** SUPPLIED MATERIAL follows **

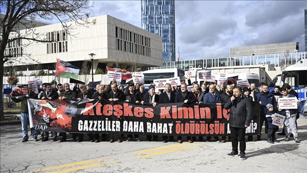 نظّمت “منصة أنقرة للتضامن مع فلسطين”، اليوم السبت، مظاهرة أمام السفارة الأمريكية في العاصمة التركية أنقرة، احتجاجًا على ما وصفته بالانتهاكات الإسرائيلية المتواصلة لاتفاق وقف إطلاق النار في قطاع غزة.
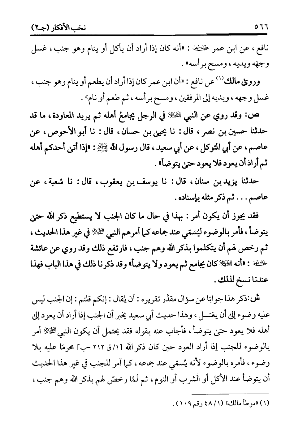 نافع، عن ابن عمر - رضي الله عنهما -: "أنه كان إذا أراد أن يأكل أو ينام وهو جنب، غسل وجهَه ويديه، ومسح برأسها".
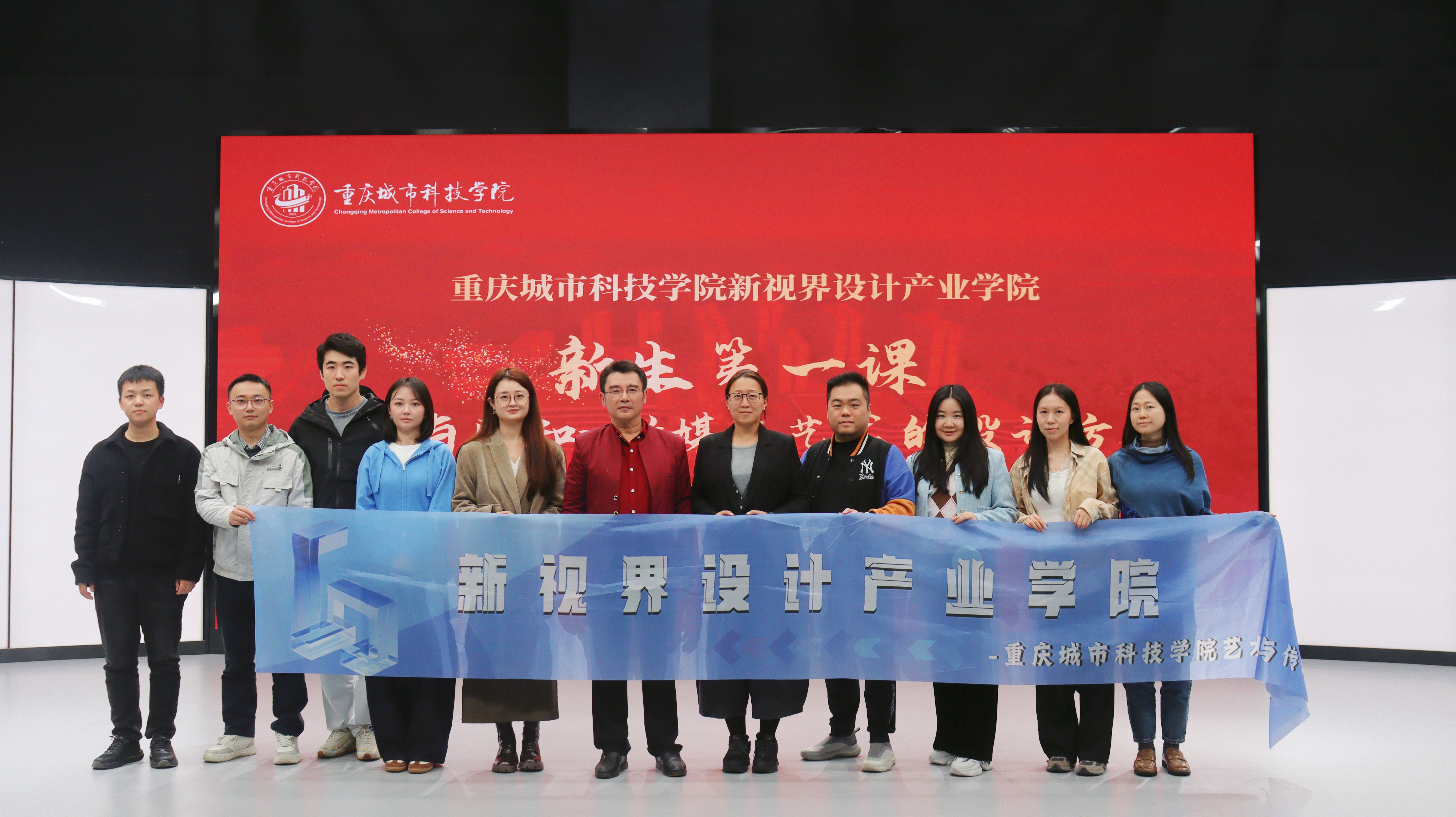 重庆城市科技学院艺术与传媒学院4K演播厅内座无虚席,2025级新媒体艺术专业“新生第一课”在此隆重举行,以《形式设计方法。

** End of SUPPLIED MATERIAL **

## REQUIRED ACTION
Repeat the material exactly. Any picture in it should be dropped.

## EXPECTED OUTPUT
 نظّمت “منصة أنقرة للتضامن مع فلسطين”، اليوم السبت، مظاهرة أمام السفارة الأمريكية في العاصمة التركية أنقرة، احتجاجًا على ما وصفته بالانتهاكات الإسرائيلية المتواصلة لاتفاق وقف إطلاق النار في قطاع غزة.
 نافع، عن ابن عمر - رضي الله عنهما -: "أنه كان إذا أراد أن يأكل أو ينام وهو جنب، غسل وجهَه ويديه، ومسح برأسها".
 重庆城市科技学院艺术与传媒学院4K演播厅内座无虚席,2025级新媒体艺术专业“新生第一课”在此隆重举行,以《形式设计方法。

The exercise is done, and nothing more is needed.